*Data*:
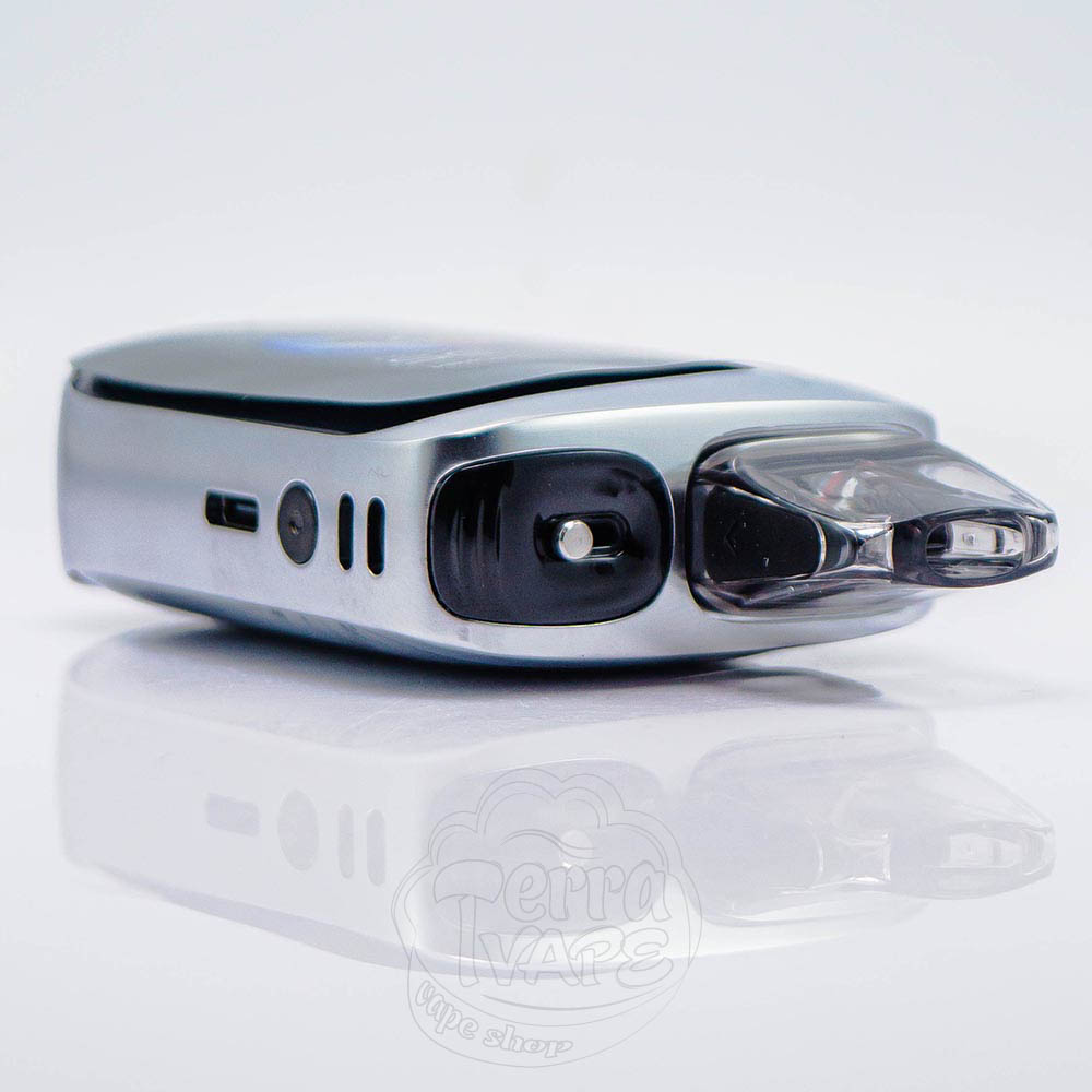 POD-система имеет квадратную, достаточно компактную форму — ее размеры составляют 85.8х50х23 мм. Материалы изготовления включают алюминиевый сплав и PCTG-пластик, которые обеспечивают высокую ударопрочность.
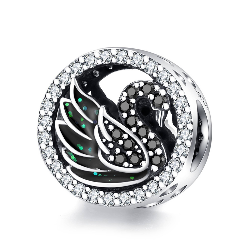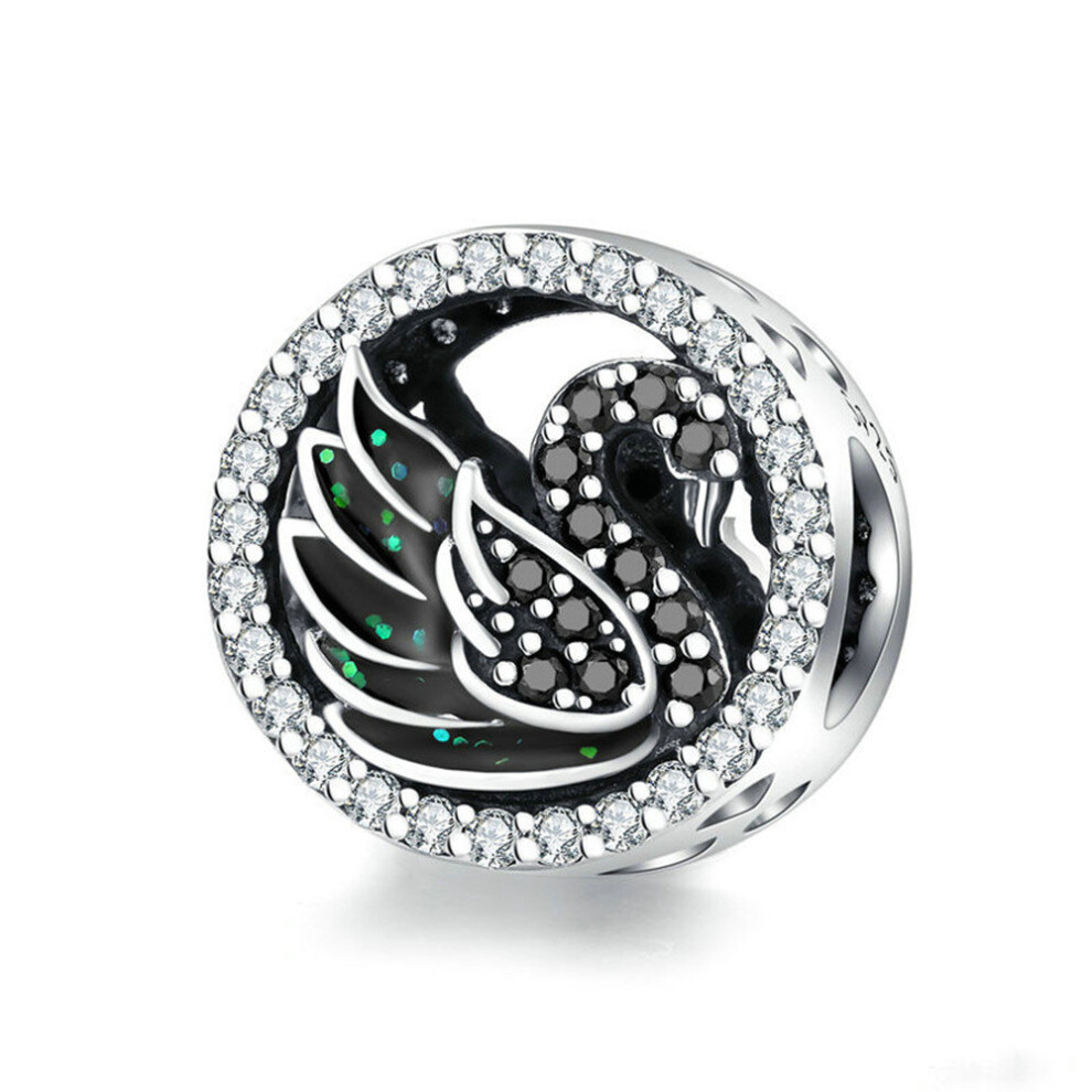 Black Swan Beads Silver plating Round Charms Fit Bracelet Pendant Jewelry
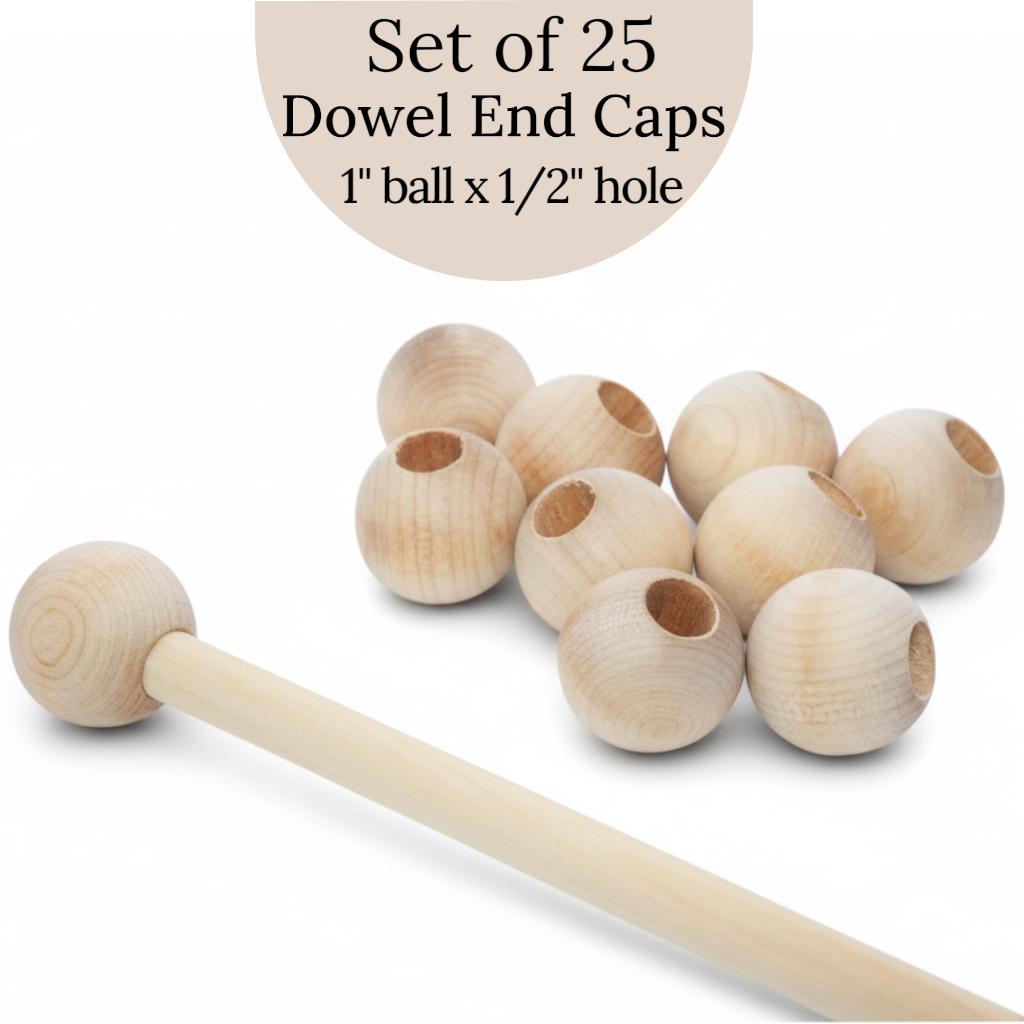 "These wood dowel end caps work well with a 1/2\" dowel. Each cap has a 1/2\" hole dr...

*Your objective*: Apart from the pictures, all of the data should be repeated exactly.

*Solution to the exercise*:
 POD-система имеет квадратную, достаточно компактную форму — ее размеры составляют 85.8х50х23 мм. Материалы изготовления включают алюминиевый сплав и PCTG-пластик, которые обеспечивают высокую ударопрочность.
 Black Swan Beads Silver plating Round Charms Fit Bracelet Pendant Jewelry
 "These wood dowel end caps work well with a 1/2\" dowel. Each cap has a 1/2\" hole dr...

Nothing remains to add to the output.